Templated 3ʹ terminal fluorescent labeling of RNA using Klenow DNA polymerase
A long-standing challenge in the study of RNA structure-function dynamics using fluorescence-based methods has been the precise attachment of fluorophores to structured RNA molecules. Despite significant advancements in the field, existing techniques have limitations, especially for 3ʹ end labeling of long, structured RNAs. In response to this challenge, we developed a chemo-enzymatic method that uses Klenow DNA polymerase to label RNAs. In this method:
•
Klenow DNA polymerase adds an amino-modified nucleotide to the 3ʹ end of the RNA, guided by the DNA oligonucleotide template.
•
An NHS-ester dye is then conjugated to the amino-modified RNA, forming a covalent amide bond.
•
For highly structured RNAs, DNA oligonucleotides complementary to the RNA disrupt pre-existing intramolecular RNA structures.

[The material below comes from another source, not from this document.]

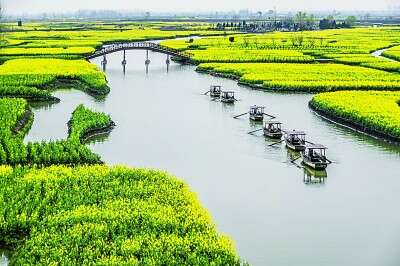 “河有万湾多碧水,田无一垛不黄花。”每年四月左右,江苏兴化,油菜花绽放,铺洒开来的金黄和蓝天碧水相映成趣,块块垛田宛如一座座小岛,游客可乘船在交错的港汊中穿梭,也能钻进垛上的油菜花田沉醉其中。在云南,层层叠叠的红河哈尼梯田,以丰富的色彩和如画的风景诠释了何为“大自然打翻了调色盘”,呈现了“大地雕塑”这一绝美的艺术品。
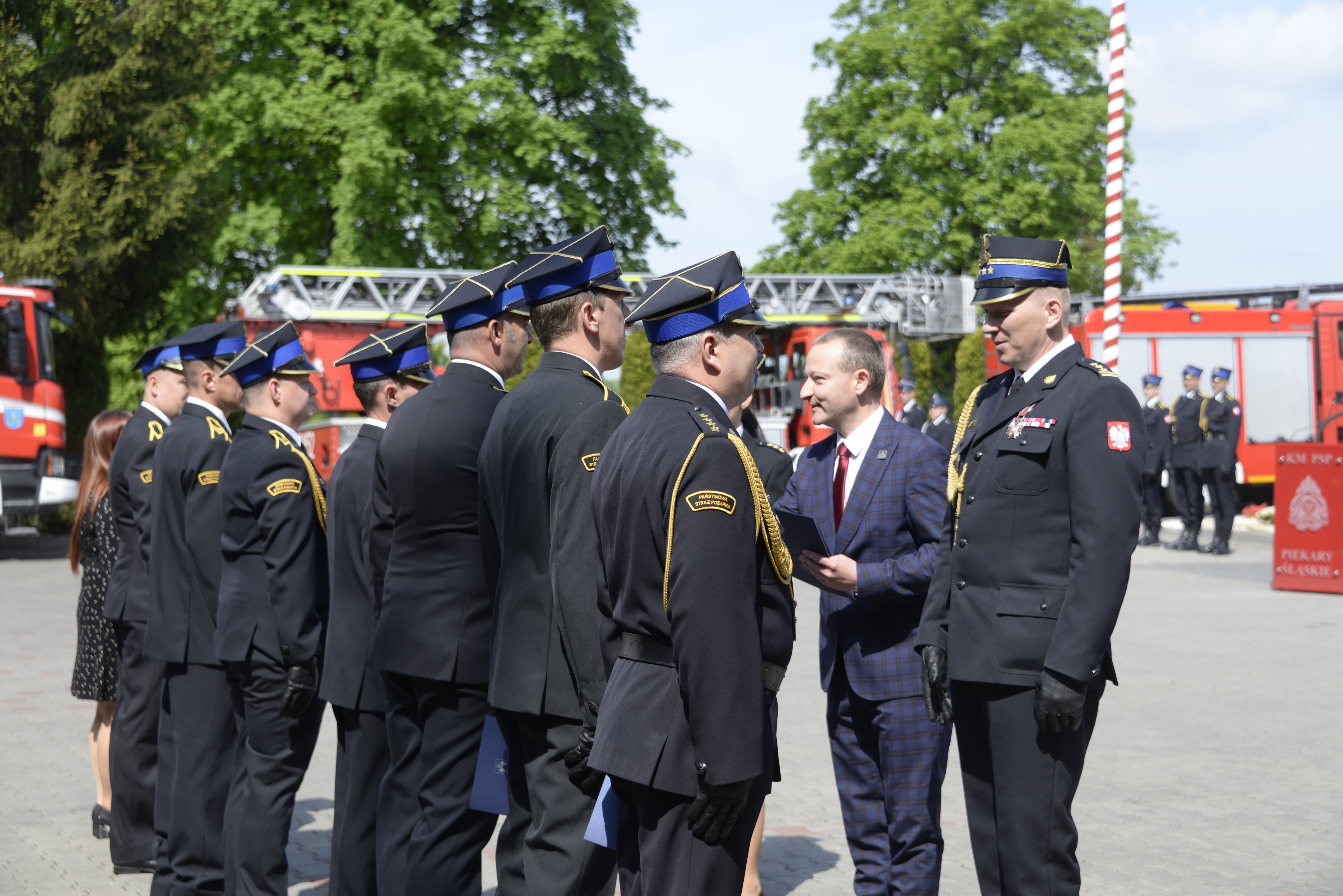 Podczas uroczystej zbiórki Zastępca Prezydenta Miasta Piekary Śląskie Pan Paweł Słota wręczył nagrody pieniężne, przyznane przez Prezydenta Miasta Piekary Śląskie Panią Sławę Umińską - Duraj, wyróżniającym się funkcjonariuszom i pracownikowi cywilnemu komendy miejskiej, a także dokonał symbolicznego przekazania sprzętu ratowniczego i wyposażenia piekarskim jednostkom Ochotniczych Straży Pożarnych z Brzezin Śląskich oraz Dąbrówki Wielkiej, zakupionego w ramach piekarskiego budżetu obywatelskiego.

This methodological advancement enables site-specific incorporation of a single modified nucleotide at the 3′ terminus of various RNA substrates, irrespective of their length or secondary structure. The user-friendly nature of the technique, with minimal modifications required for different RNA targets, makes it readily adaptable by a broad range of researchers. This approach has the potential to significantly improve the development of functionalized RNA for various applications.